Redebeitrag der SDAJ Trier zur Seebrücke-Demo

Nachstehend dokumentieren wir den augesprochen guten Redebeitrag der Sozialistischen Deutschen Arbeiterjugend (SDAJ) Trier zur Seebrücke Demo am 6.Juli 2019 in Trier:

Liebe Genoss*innen, liebe Freund*innen,
ich spreche heute für die Sozialistische Deutsche Arbeiterjugend SDAJ.

„Free Rackete“ und „Menschenleben retten ist kein Verbrechen“ sind Slogans, die in den letzten Tagen durch die Sozialen Medien, die Gesellschaft und durch die Politik gingen. Fast jeder und jede namhafte Politiker*in von SPD und GRÜNE bis hin zur CSU, haben sich für die sofortige Freilassung der festgenommenen Kapitänin Carola Rackete ausgesprochen. Diese prinzipiell richtige Forderung aus den Mündern der Regierungsparteien oder solchen, die es noch werden wollen, zu hören, ist aber an Scheinheiligkeit kaum zu übertreffen.


Der erste und offensichtlichste Punkt ist: Deutschland selbst tut seit Jahren alles Mögliche dafür, die Flucht über das Mittelmeer zu erschweren. Da wäre zum Beispiel die finanzielle Unterstützung der lybischen Küstenwache sowie der Flüchtlingscamps in Libyen, welche dazu genutzt werden sollen, die Menschen vor Ort festzuhalten oder sie auf dem Weg ins Mittelmeer wieder einzufangen und zurück in ein solches Camp zu bringen. In den Camps, die Deutschland aktiv finanziell unterstützt, sind Folterungen, Verstümmlungen von Genitalien, Vergewaltigung, Prostitution und Mord durch die lybischen Lagerkräfte an der Tagesordnung. In Berichten werden die Lager als KZ-artig beschrieben. Durch die Zustände im Lager sind die Menschen also gezwungen jede Fluchtmöglichkeit, sei es auch ein Schlauchboot mit viel zu vielen Menschen, wahrzunehmen, um den täglichen Misshandlungen zu entgehen. Wohlwissend, dass sie vielleicht auf dem Weg sterben werden.
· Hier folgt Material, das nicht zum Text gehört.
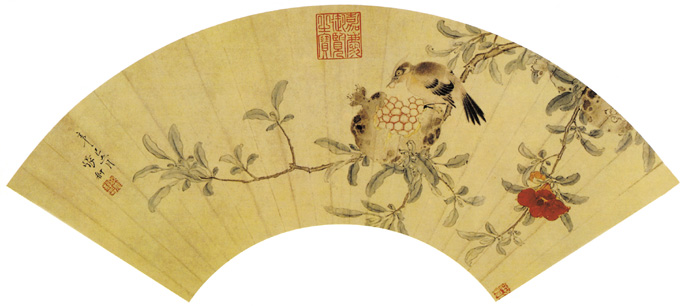 张翀不仅工山水、鱼虫,花鸟也颇佳。在绘画技法上干、湿并重,甚至以运笔豪放洒脱的破笔,使画面达到一种飘逸清朗的意境。此幅《花鸟扇面》描绘了熟透的石榴和正在啄食的小鸟。画面构图简洁明快、却很有几分意趣。画上钤有清代皇帝嘉庆的收藏玉玺。

Deutschland finanziert also wieder einmal Lager, in denen Menschen brutal misshandelt und umgebracht werden. Das alles, um Rechtspopulisten mit niedrigen Flüchtlingszahlen zufriedenzustellen und um andere Menschen, die aus ihrer Heimat fliehen müssen, davon abzuhalten in Richtung EU zu fliehen – eine Taktik die sowohl gegen deutsche-, EU- als auch gegen internationale Gesetzgebung zum Erhalt von Menschenleben verstößt. Das ist humanitär, moralisch sowie historisch betrachtet eine sagenhafte, riesengroße Schweinerei.

Die AfD ist dennoch stark wie nie und rechte Positionen bis hin zum Mord an Politiker*innen finden Akzeptanz in Teilen der Bevölkerung.

Des Weiteren hat Deutschland am 30. Juni diesen Jahres, also vor wenigen Tagen, ihre Beteiligung an der Rettungsmission Sophia aufgekündigt. Das deutsche Personal stellte noch am selben Tag die Arbeiten ein, auch andere Länder wie Italien verweigern eine Verlängerung der Operation. Das heißt, die einzigen Rettungsschiffe der EU, welche offiziell übrigens nicht vornehmlich Menschenleben retten, sondern sogenannte „Schleusernetzwerke“ bekämpfen und Ölplattformen beschützen sollten, werden in Zukunft nicht mehr im Mittelmeer unterwegs sein. Es gibt also zur Zeit keinen anderen Weg, Menschen im Mittelmeer zu retten, außer die zivile Seenotrettung.